Provider translation

The Thinking capability maps each effort value to the selected provider’s native format:

Provider	`Thinking()` / `Thinking(effort=True)`	`Thinking(effort='high')`	Notes
Anthropic (Opus 4.6+)	`anthropic_thinking={'type': 'adaptive'}`	`{type: 'adaptive'}` + `effort='high'`	Claude Opus 4.7, 4.8, 5, and Sonnet 5 also support `effort='xhigh'`
Anthropic (older)	`anthropic_thinking={'type': 'enabled', 'budget_tokens': 10000}`	`budget_tokens=16384`	Budget-based; `'low'` → 2048 tokens
OpenAI	`reasoning_effort='medium'`	`reasoning_effort='high'`
Google (Gemini 3+)	`include_thoughts=True`	`thinking_level='HIGH'`
Google (Gemini 2.5)	`include_thoughts=True`	`thinking_budget=24576`
Groq	`reasoning_format='parsed'` (gpt-oss also `reasoning_effort='medium'`)	`reasoning_format='parsed'` (gpt-oss also `reasoning_effort='high'`)	gpt-oss: unified effort → `reasoning_effort` (`low`/`medium`/`high`, via `extra_body`; always-on, so `thinking=False` is silently ignored); qwen3: `thinking=False` → `reasoning_effort='none'` (true disable, via `extra_body`); other reasoning models → `'hidden'` (suppresses output only)
Mistral	`reasoning_effort='high'`	`reasoning_effort='high'`	Only on adjustable-reasoning models (e.g. `mistral-small-latest`, `mistral-medium-3-5`); `magistral` reasons always-on and gets no `reasoning_effort`. Mistral exposes only `'high'`/`'none'`, so every enabled level (incl. `'minimal'`) → `'high'` and only `thinking=False` → `'none'`
OpenRouter	`reasoning={'effort': 'medium', 'enabled': True}`	`reasoning={'effort': 'high', 'enabled': True}`	`thinking=False` → `effort='none'`; always-on routes silently ignore; via `extra_body`
Cerebras	`reasoning_effort` omitted (reasons by default)	`reasoning_effort` omitted	`thinking=False` → `reasoning_effort='none'`; gpt-oss reasons always-on, so `thinking=False` is silently ignored
xAI	`reasoning_effort` omitted on Grok 4.3 (uses its default)	`reasoning_effort='high'`	Grok 4.3 supports `'none'`, `'low'`, `'medium'`, and `'high'`, and `thinking=True` omits the parameter so the model applies its own default; Grok 3 Mini only supports `'low'` and `'high'` (so `thinking=True` → `'high'`) and silently ignores `thinking=False`; Grok 4.5 supports `'low'`, `'medium'`, and `'high'` but not `'none'`, so it reasons always-on (`thinking=True` → `'medium'`) and silently ignores `thinking=False`
Bedrock (Claude 4.6+)	`thinking.type='adaptive'`	`{type: 'adaptive'}` + `output_config.effort='high'`	Effort lives in the sibling `output_config` field per AWS docs; `xhigh` maps to `max`
Bedrock (Claude older)	`thinking.type='enabled'`	`budget_tokens=16384`	Budget-based
Bedrock (OpenAI)	`reasoning_effort='medium'`	`reasoning_effort='high'`	Converse rejects `'none'`; `thinking=False` silently ignored
Bedrock (Qwen)	`reasoning_config='high'`	`reasoning_config='high'`	Only `'low'` and `'high'`; `thinking=False` silently ignored

OpenAI

When using the OpenAIChatModel, text output inside <think> tags are converted to ThinkingPart objects. You can customize the tags using the thinking_tags field on the model profile.

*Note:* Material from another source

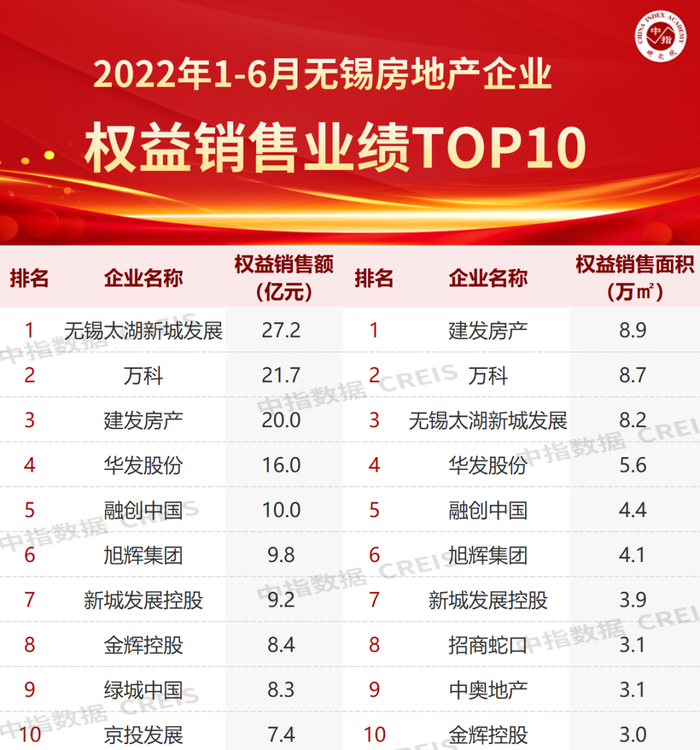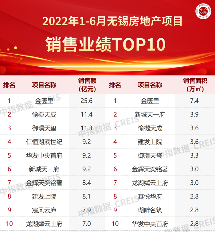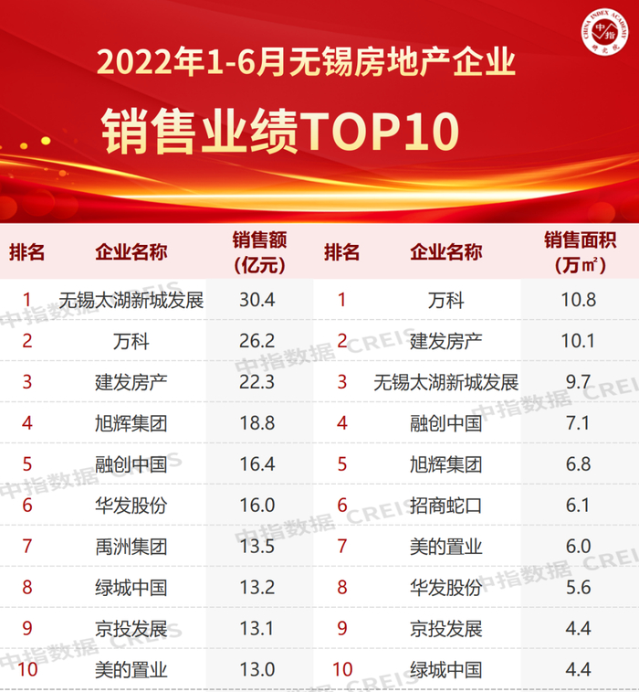 特别声明:房地产企业销售数据统计是以2021年1月1日-6月30日期间销售的商品房为统计口径,主要依据中指数据CREIS(点击试用)在无锡市区(不含江阴、宜兴)的销售监测数据,并参考当期总体经营情况和推盘去化情况进行分析统计;对于少数没有在监测范围内的项目,由企业提供相关证明文件,经课题组对数据进行严格审核,也纳入统计范围。本报告仅供参考,课题组不对使用报告及其内容所引发的任何直接或间接损失承担责任。

Some OpenAI-compatible model providers might also support native thinking parts that are not delimited by tags. Instead, they are sent and received as separate, custom fields in the API. Typically, if you are calling the model via the <provider>:<model> shorthand, Pydantic AI handles it for you. Nonetheless, you can still configure the fields with openai_chat_thinking_field.

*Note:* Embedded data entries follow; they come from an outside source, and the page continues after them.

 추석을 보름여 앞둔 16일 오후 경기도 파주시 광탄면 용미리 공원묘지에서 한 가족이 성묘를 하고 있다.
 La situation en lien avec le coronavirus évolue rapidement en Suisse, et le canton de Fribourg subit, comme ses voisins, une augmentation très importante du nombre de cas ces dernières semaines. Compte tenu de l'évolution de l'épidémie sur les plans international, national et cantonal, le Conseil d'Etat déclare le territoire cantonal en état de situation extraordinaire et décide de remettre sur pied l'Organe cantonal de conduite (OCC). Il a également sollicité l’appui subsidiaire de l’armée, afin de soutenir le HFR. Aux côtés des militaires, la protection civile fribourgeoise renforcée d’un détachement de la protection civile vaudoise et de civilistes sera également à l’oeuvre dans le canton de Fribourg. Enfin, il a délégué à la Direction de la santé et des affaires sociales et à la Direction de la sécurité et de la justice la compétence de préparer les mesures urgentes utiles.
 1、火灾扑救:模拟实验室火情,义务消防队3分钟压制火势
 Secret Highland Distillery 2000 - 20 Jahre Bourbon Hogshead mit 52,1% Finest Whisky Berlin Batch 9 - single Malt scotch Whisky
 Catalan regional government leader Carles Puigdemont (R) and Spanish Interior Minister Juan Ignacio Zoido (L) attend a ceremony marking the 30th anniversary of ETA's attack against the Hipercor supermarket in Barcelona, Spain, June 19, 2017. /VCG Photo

If your provider recommends to send back these custom fields not changed, for caching or interleaved thinking benefits, you can also achieve this with openai_chat_send_back_thinking_parts.

OpenAI Responses

The OpenAIResponsesModel can generate native thinking parts. To enable this functionality, you need to set the OpenAIResponsesModelSettings.openai_reasoning_effort and OpenAIResponsesModelSettings.openai_reasoning_summary model settings. Models that support it can additionally use a pro reasoning mode, which is independent of the effort and never set by the unified thinking setting.

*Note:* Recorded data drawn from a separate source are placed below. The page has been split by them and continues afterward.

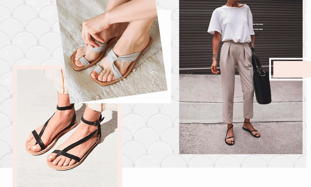 Выбирай простые, но элегантные модели: черные из материала, напоминающего замшу, или плетеные из ниток; с металлизированными ремешками золотого и серебристого цвета. Сочетай с широкими джинсами, светлыми брюками, платьями из полупрозрачной ткани.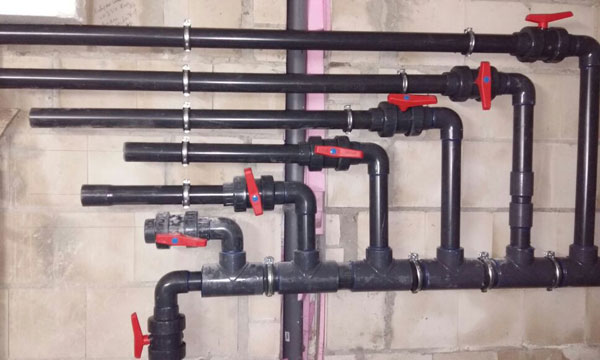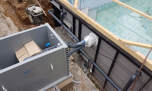 Die Verrohrung am Übergabepunkt zwischen Becken und Technikraum ist fertiggestellt.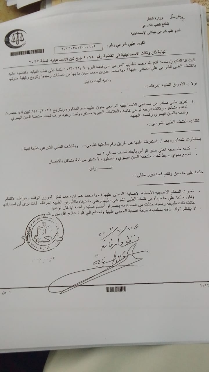 وأكد التقرير إصابة مها محمد المعروفة بعروس الإسماعيلية، بكدمة متسحجة أعلي يسار الرأس بأبعاد نصف سم في ١ سم، بالإضافة إلي إصابتها بتجمع دموي بسيط تحت ملحمة العين اليسرى، ونفى التقرير أن تشكو المجني عليها من أي مشاكل بالإبصار.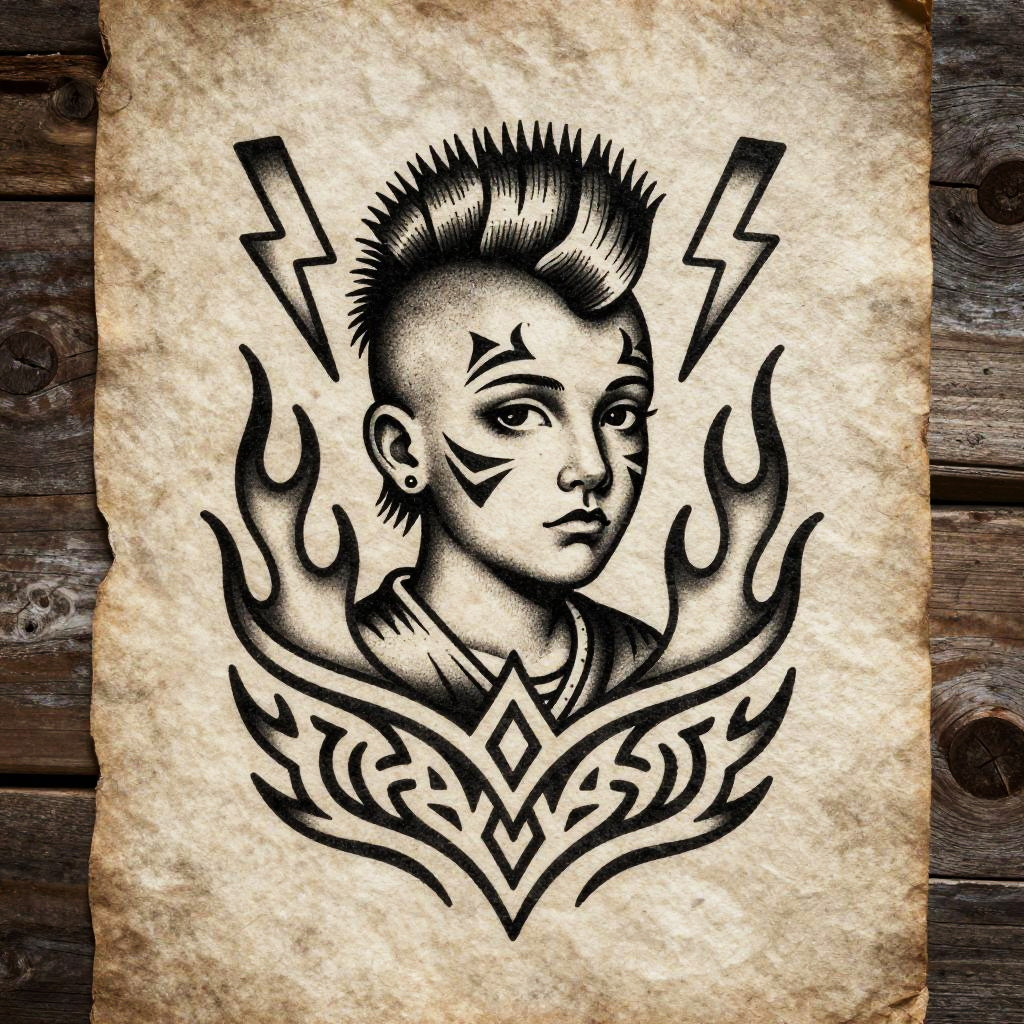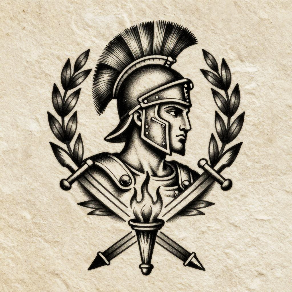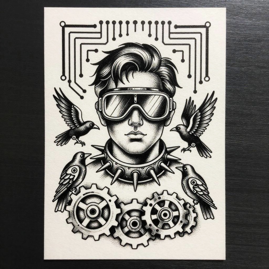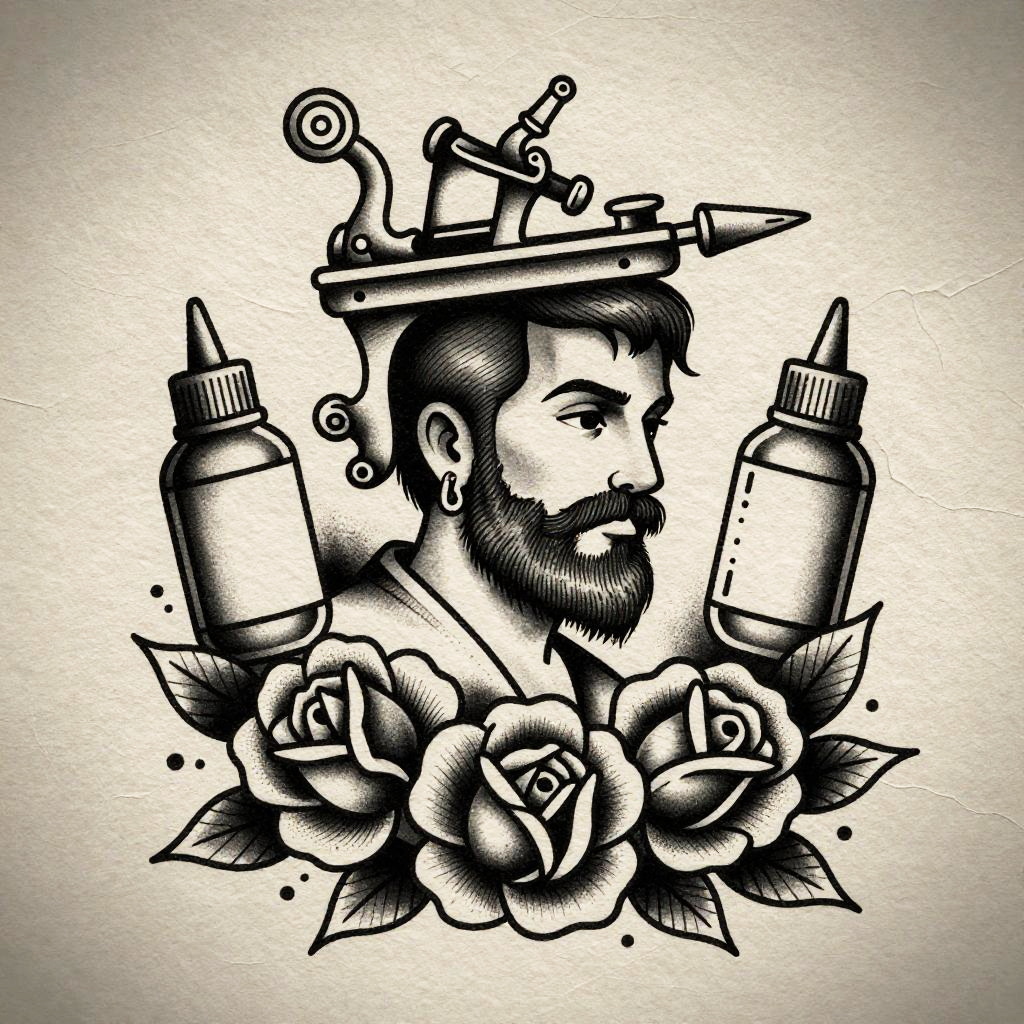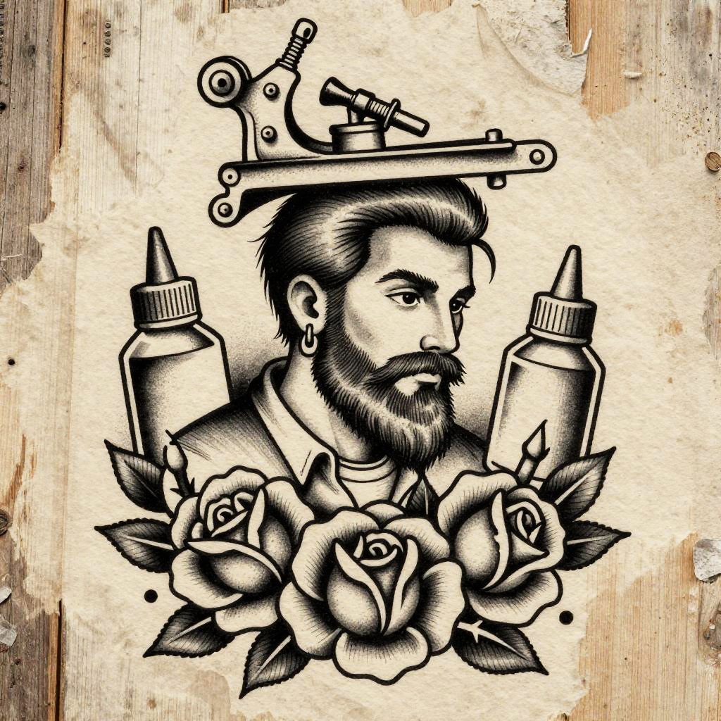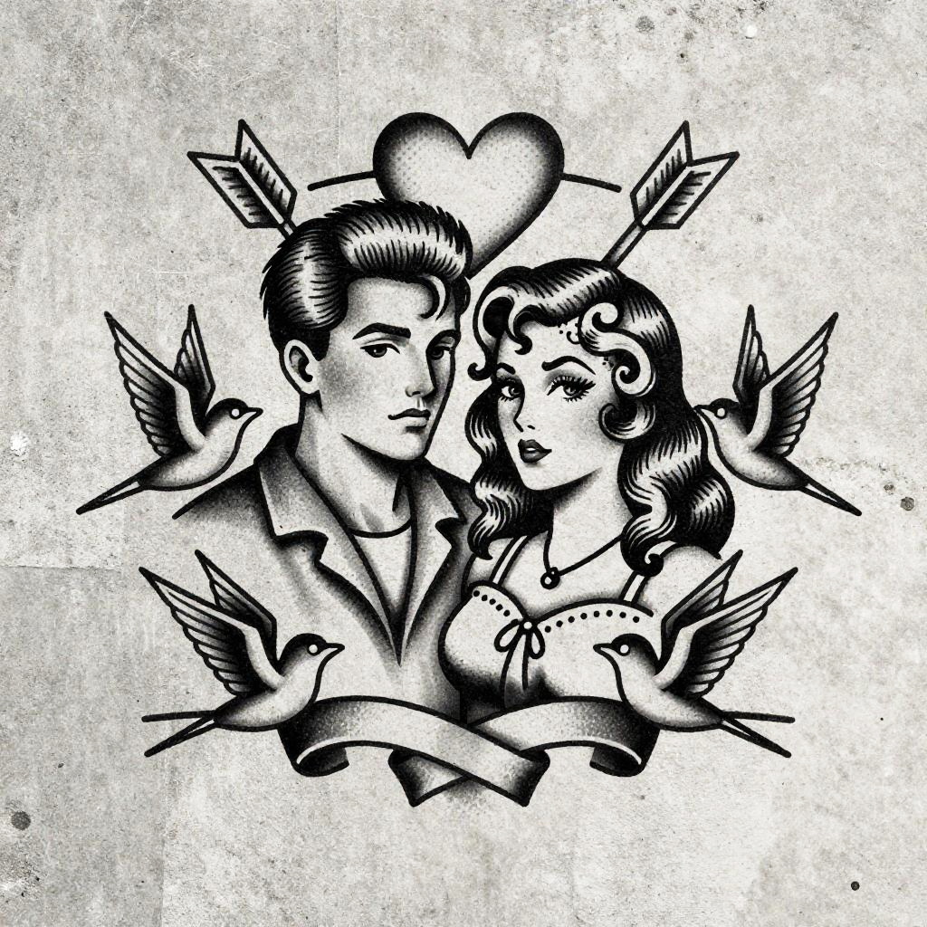 Monochrome ink illustration in a vintage tattoo flash aesthetic featuring young man with slicked-back hair and piercing eyes, framed by dagger piercing a heart above, roses on either side, and a banner with text below. Printed on cracked leather texture, with crisp linework, stippling and crosshatching, bold negative space, subtle vignette, museum-print finish, high contrast, fine detail, gritty yet elegant mood.

By default, the unique IDs of reasoning, text, and function call parts from the message history are sent to the model, which can result in errors like "Item 'rs_123' of type 'reasoning' was provided without its required following item." if the message history you’re sending does not match exactly what was received from the Responses API in a previous response, for example if you’re using a history processor. To disable this, you can disable the OpenAIResponsesModelSettings.openai_send_reasoning_ids model setting.

openai_thinking_part.py

from pydantic_ai import Agent
from pydantic_ai.models.openai import OpenAIResponsesModel, OpenAIResponsesModelSettings

model = OpenAIResponsesModel('gpt-5.6-sol')
settings = OpenAIResponsesModelSettings(
    openai_reasoning_effort='low',
    openai_reasoning_summary='detailed',
)
agent = Agent(model, model_settings=settings)
...

Anthropic

To enable thinking, use the AnthropicModelSettings.anthropic_thinking model setting.

anthropic_thinking_part.py

from pydantic_ai import Agent
from pydantic_ai.models.anthropic import AnthropicModel, AnthropicModelSettings

model = AnthropicModel('claude-sonnet-4-5')
settings = AnthropicModelSettings(
    anthropic_thinking={'type': 'enabled', 'budget_tokens': 1024},
)
agent = Agent(model, model_settings=settings)
...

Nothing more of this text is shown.